The Office of Personnel Management announced this week that it will seek to restrict the circumstances where federal employees can seek back pay from their agency, and bar unions from receiving attorney fees in those cases.

In proposed regulations published Wednesday in the Federal Register, OPM said it wants to revise its own previous rules, established in 1981, governing how employees may seek redress for personnel and pay actions under the Back Pay Act. Officials argued that the old regulations misinterpreted Congress’ intended definition of “personnel actions” in passing the 1966 statute and changes enacted as part of the 1978 Civil Service Reform Act.

“The legislative history indicates Congress understood the Back Pay Act’s definition of personnel action was limited in scope and considered broadening it to cover all actions that affect federal employee pay but, outside the context of defining prohibited personnel practices, decided to retain the original definition with only slight modification,” OPM wrote. “OPM’s regulatory definition, which extends the Back Pay Act to cover pay actions unrelated to personnel actions, appears to contravene OPM’s statutory authority and congressional intent.”
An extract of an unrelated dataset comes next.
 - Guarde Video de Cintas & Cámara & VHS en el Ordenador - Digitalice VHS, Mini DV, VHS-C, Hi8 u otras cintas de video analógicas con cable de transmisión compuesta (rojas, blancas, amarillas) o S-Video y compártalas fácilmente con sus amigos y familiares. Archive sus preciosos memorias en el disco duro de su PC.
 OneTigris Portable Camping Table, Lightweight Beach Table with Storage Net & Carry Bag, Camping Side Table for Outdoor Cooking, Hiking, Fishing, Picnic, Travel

Currently, federal employees have wide latitude to seek redress under the Back Pay Act over debt collections, improper overtime payments, failing to win cash bonuses, and denial of leave or official time requests. Under the proposed regulations, OPM would restrict Back Pay Act claims to prohibited personnel practices, actions “based on unacceptable performance,” other adverse personnel actions promotions, demotions, changes in step or grade, transfers, reassignments and changes from full-time to part-time work.

OPM argued that as a policy matter, it takes issue with the idea that employees can file grievances over what it sees as minor pay issues.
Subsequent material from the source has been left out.